* Task to carry out
Drop the pictures and repeat the remaining data exactly.

* The data

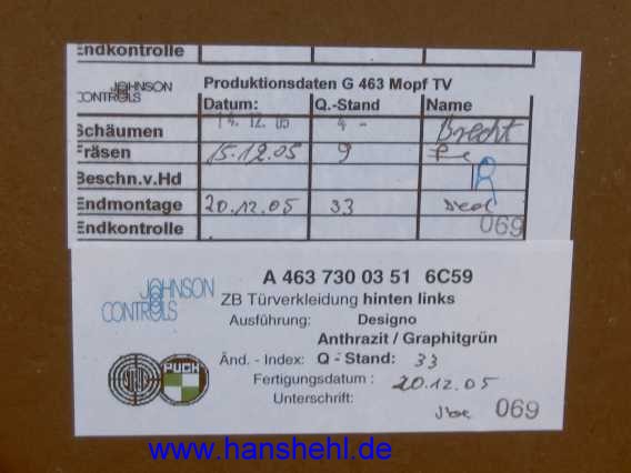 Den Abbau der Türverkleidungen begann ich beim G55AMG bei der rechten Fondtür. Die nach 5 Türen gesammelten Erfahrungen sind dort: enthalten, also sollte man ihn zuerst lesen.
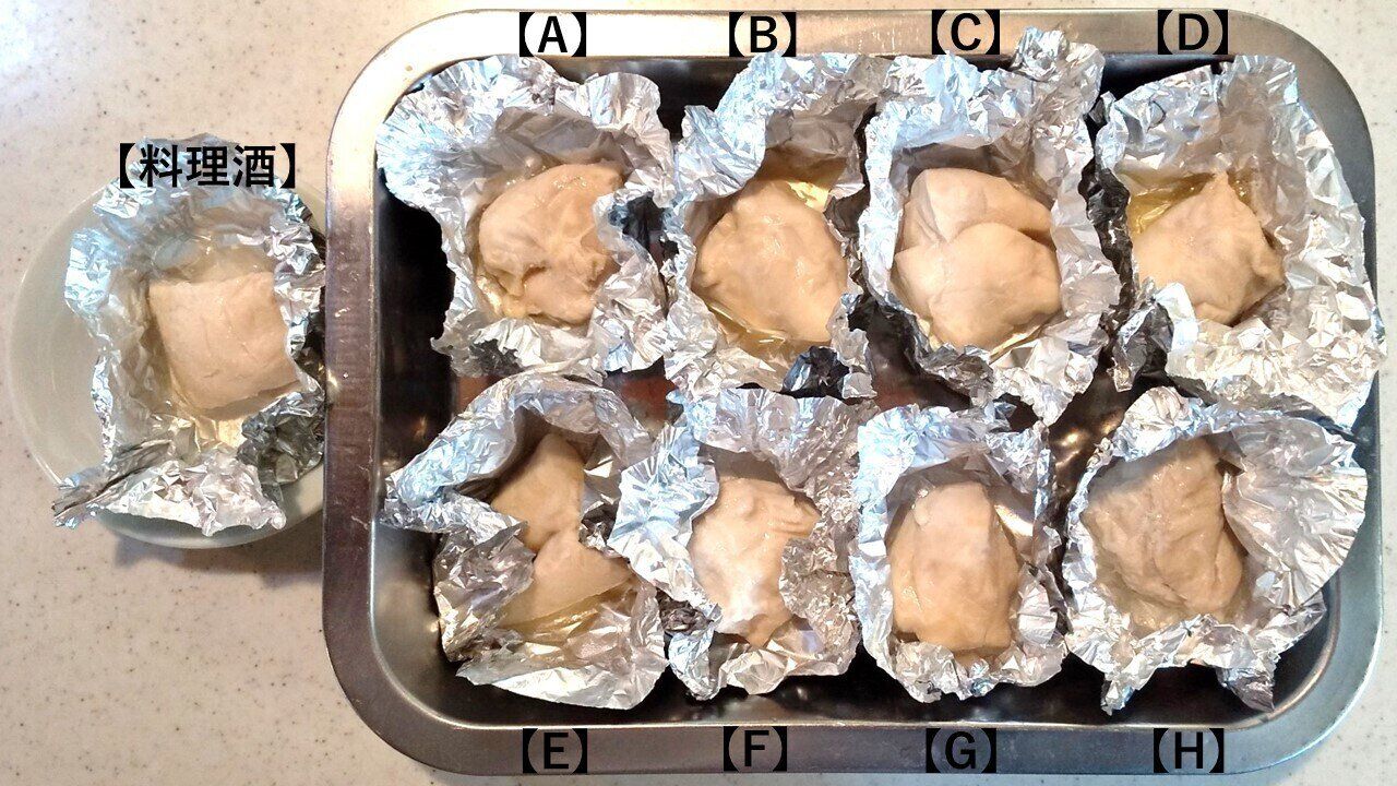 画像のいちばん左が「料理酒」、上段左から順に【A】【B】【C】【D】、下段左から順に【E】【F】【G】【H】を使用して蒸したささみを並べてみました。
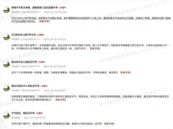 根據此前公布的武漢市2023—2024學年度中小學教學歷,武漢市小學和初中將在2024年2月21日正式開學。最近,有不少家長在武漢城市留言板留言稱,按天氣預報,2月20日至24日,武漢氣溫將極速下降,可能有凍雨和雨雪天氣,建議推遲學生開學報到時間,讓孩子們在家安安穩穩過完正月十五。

* Task response
 Den Abbau der Türverkleidungen begann ich beim G55AMG bei der rechten Fondtür. Die nach 5 Türen gesammelten Erfahrungen sind dort: enthalten, also sollte man ihn zuerst lesen.
 画像のいちばん左が「料理酒」、上段左から順に【A】【B】【C】【D】、下段左から順に【E】【F】【G】【H】を使用して蒸したささみを並べてみました。
 根據此前公布的武漢市2023—2024學年度中小學教學歷,武漢市小學和初中將在2024年2月21日正式開學。最近,有不少家長在武漢城市留言板留言稱,按天氣預報,2月20日至24日,武漢氣溫將極速下降,可能有凍雨和雨雪天氣,建議推遲學生開學報到時間,讓孩子們在家安安穩穩過完正月十五。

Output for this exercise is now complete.